“看来朕当真是个昏君,只不过问你两个问题,就把你吓成这个样子,”皇上说话的语气有几分无奈,却不像是在问罪的态度,“卫清酒,朕不过就是想问你,你这香囊,是不是在婵贵妃所在的冷宫别苑外掉的?”
既然香囊已经过了皇帝的手,那捡到的人必然也已经告诉了他。
卫清酒没有想要隐瞒的意思。
“回皇上,是的,是在冷宫别苑外遗失的。”
皇帝若有所思地点了点头:
“如此说来,你此次进宫,大抵也是为了婵贵妃的事而来的,对吧?”
卫清酒顿了顿,乖乖承认:
“是的。”
“既然如此,你就跟朕说说,你和婵贵妃是什么关系,为何要为此事进宫来?倘若有半句假话,今日你便走不出这御书房。”

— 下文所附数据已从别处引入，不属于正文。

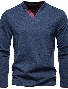 男性用 コットンシャツ 長袖 平織り クール 日常 カジュアル カラーブロック ボタン ヘンリー 学校 訓練 アウトドア オールシーズン カラーグレー ダークネイビー カーキ色 ヘンリーTシャツ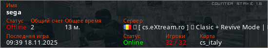 Играет на Counter Strike 1.6 сервере. Страна: РумынияПервый раз замечен 02:00 21.12.2024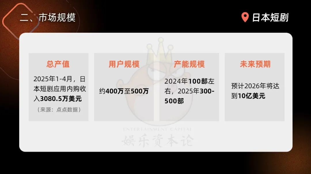 早在去年3月,娱乐资本论就关注到中国短剧出海之势。今年3月,娱乐资本论在日本走访了多家短剧公司,发现比起平台的火热入局,日本短剧市场实际上仍然是一片蓝海,特别是本土自制剧团队稀缺,整体产能低,制作产业链还远未成熟。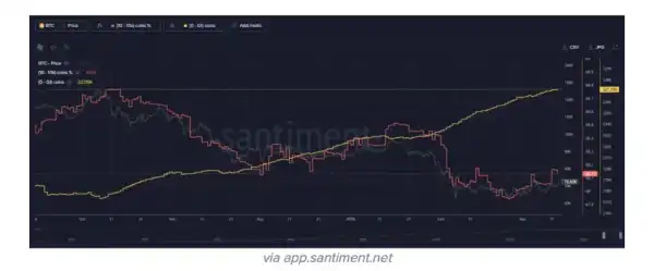«Ідеальною для біткоїну буде ситуація, коли дрібні гаманці, тобто роздрібні інвестори, скорочують свої запаси, тоді як група великих власників зростає. Це сигналізуватиме про перехід монет із слабких рук до сильних», — пояснили представники Santiment.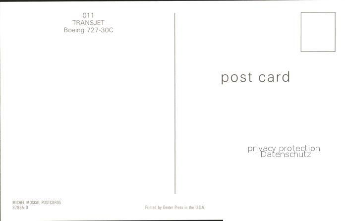 Flugzeuge Zivil Transjet Boeing 727-30C postalisch nicht gelaufen Erhaltung siehe scans

“是,臣遵旨。”卫清酒深吸一口气,抬起头来第一次直视皇上的双眼,“我和婵贵妃没有任何关系,如果非要说的话,就是我现在暂住在陆府。”
“——我认为,婵贵妃一事,有莫大的冤情。”
“哦?你的意思是,朕冤枉了婵贵妃?”
卫清酒索性破罐破摔,将自己心中的话一股脑儿倾泻而出。
“不错,我认为婵贵妃就是一个貌美的平常女子,而猫妖之说只是有心人对她的构陷,鬼神之说更是无稽之谈!”
“皇上,试问一个妖孽,为何要在这宫中蛰伏这么多年,直到怀上了皇儿,才忽然现出真身?若真有妖,那些指控她的人们,为何现在都好好地活在这宫里,而猫妖自己却躺在寒冷潮湿的冷宫?”
“从始至终,婵贵妃没有做出任何奇怪的事情,却被这些谣言恶意中伤。皇上!连我一个局外人都看得分明,皇上您为何就看不清真相呢!?”
“卫女官!”夏公公见卫清酒越说越激愤,连忙提醒,“慎言!”
卫清酒这才意识到自己言辞过于激烈,只得闭上嘴。
本以为皇上会因为她说的这些话震怒,却迟迟没有等到受罚的旨意。
卫清酒仔细推想着,从自己进门到现在,皇帝跟他说话的语气都比较平静温和,哪怕是在婵贵妃门前捡到了腰牌,也没有任何责怪之话,而是主动询问她的看法。
难道,皇上也觉得婵贵妃是无辜的?
卫清酒恍然大悟地抬起头,只见皇帝双手负在背后,正一脸欣赏地看着她。